While some financial institutions have the resources required to hire and retain legions of IT professionals the bulk of the financial services industry is still made up of smaller institutions that address the needs of their local communities.

The IT staffs that work for the typical small bank handle everything from application support to security. The challenge they face as IT generalists is they don’t have a lot of time to spend support complex platforms that they need to first set up and then maintain. That core issue is why so many organizations now rely on a wide variety of software-as-a-service (SaaS) platforms that are accessed via the cloud.

Network security should not be an exception to that larger trend, which explains why organizations such as Superior National Bank have adopted the CyGlass Network Defense as a Service (NDaaS) platform to detect anomalous behavior on its networks using machine learning algorithms and other forms of artificial intelligence (AI).

Headquartered in Hancock Michigan, the bank serves the needs of a community located in the northernmost city in Michigan near the shores of Lake Superior. Like a lot of smaller municipalities, the pool of IT talent in the local area is somewhat limited. As such, the first thing that gets evaluated by these types of organizations when considering any IT solution is how difficult is it to set up and maintain. As the only provider of an NDaaS platform, Cyglass enables the bank to take advantage of advanced AI capabilities to secure their network without having to hire additional IT staff or recruit a small army of expensive consultants that most likely live in another time zone.

The Cyglass NDaaS platform collects data from sources such as NetFlow, Syslog, AD Logs, Microsoft 365 Logs, that is then fed into an AI engine. Using a combination of unsupervised machine and self-learning algorithms, the CyGlass engine continuously learns normal activity from the flows of data ingested to set up baselines of activity. Once normal activity is ascertained, the AI engine continuously watches for anomalies. To define which anomalies are risks and threats, the AI outputs are integrated with a rules engine that identifies risks and threats such as unsecured ports or the presence of ransomware. Its policy engine can also be employed to define regulatory compliance controls that financial service companies are always required to implement.

The capabilities enabled by the Cyglass platform have shown themselves to be especially critical during the COVID-19 pandemic. With many professionals working from home to help contain the spread of the pandemic the need to secure home networks is crucial. Many employees are relying on devices they own to access sensitive data via a wireless access point that is also employed by members of the same household to access a wide range of Websites. Chances are the systems employees being employed to access corporate applications are infected with malware are high.

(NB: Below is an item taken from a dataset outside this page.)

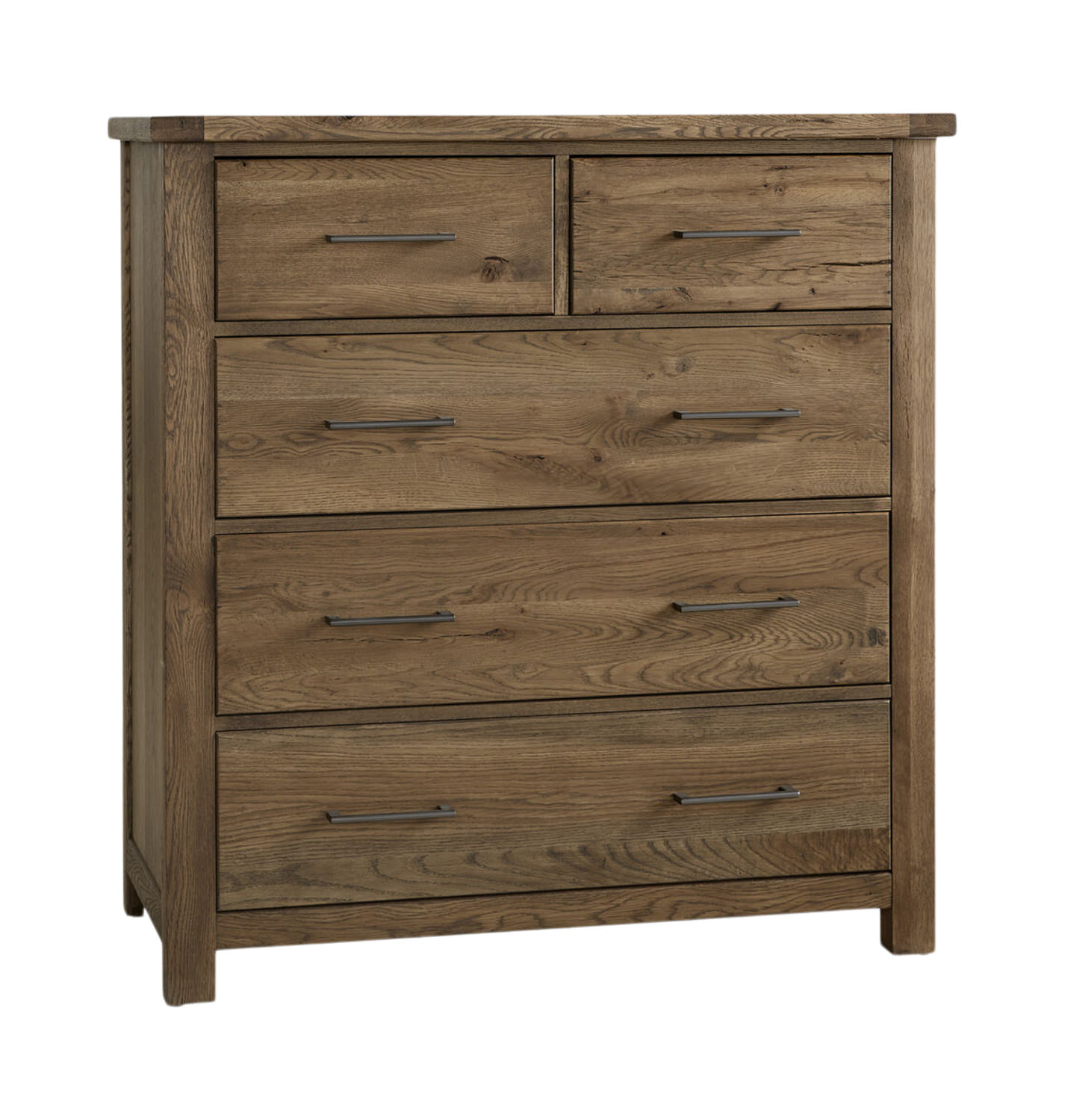 The Gable Ridge Chest with all the splits, cracks, and knot holes – all of the aging and refining that can only be provided by Mother Nature herself has 5 drawers and is 46 1/2" tall, the perfect place for a TV. It is made in the USA from American white oak solids and white oak veneers featuring custom-designed hardware. Ultra-smooth drawer interiors and self-closing dual steel ball bearing drawer guides are located under each drawer. It is crafted from honest and authentic materials with American craftsmanship. Vaughan Bassett’s products comply with ASTM International F2057, a voluntary stability standard for clothing storage furniture. Furniture tip restraints and instructions for installation are included.

In the case of financial institutions, more customers than ever are also remotely accessing accounts from home or anywhere they happen to be able to connect to a network. Those institutions have no idea what Web sites those customers might have been visiting before logging into their account. The only way for a small team of IT professionals to thwart potential threats is to apply AI to the traffic flowing across its networks.

IT teams of all sizes will soon be applying AI to almost every IT management task The challenge smaller organizations face is they don’t have the resources required to hire the data science professionals required to build an AI model capable of analyzing network traffic. Most of them don’t even have to ability to aggregate all the data required to train those AI models. As AI continues to evolve it’s already apparent smaller organizations will need to rely on providers of SaaS platforms to absorb the cost of AI on their behalf. The investments in AI made by Cyglass, as such, benefit, regardless of size, all our customers.

The myriad benefits derived from those AI investments span both the tangible and intangible. Almost immediately the security posture of an organization improves. The more those algorithms learn about the environment the more hat security posture continues to improve even as the network itself evolves and adapts. Best of all, once those algorithms learn something they never forget it. Nor do they call in sick or suddenly quit to take another job.

Those same algorithms over time also substantially improve the quality of the work experience for the IT staff. Most IT professionals spend an inordinate amount of time chasing down security alerts generated by all the tools an organization has adopted in the hopes of making their IT environment secure. The challenge is that each of those tools and platforms generates a massive number of false-positive alerts that over time make IT tasks tedious to the point where most of the alerts are ignored. Machine learning algorithms are trained to aggregate all those alerts in a way that surfaces the threats that are most lethal and immediate to the organization.

In fact, most IT professionals going forward are not going to want to work for organizations that don’t augment with AI-infused tools. Life is simply too short to put up with the current level of aggravation IT professionals regularly tolerate today.

They say the future is already here; it’s just unevenly distributed. There’s no better example of that than AI. Large companies already make extensive use of AI to improve security. The issue at this point is not so much whether to embrace AI but rather how best to implement it in the simplest and, just as critically important, the most economical way possible.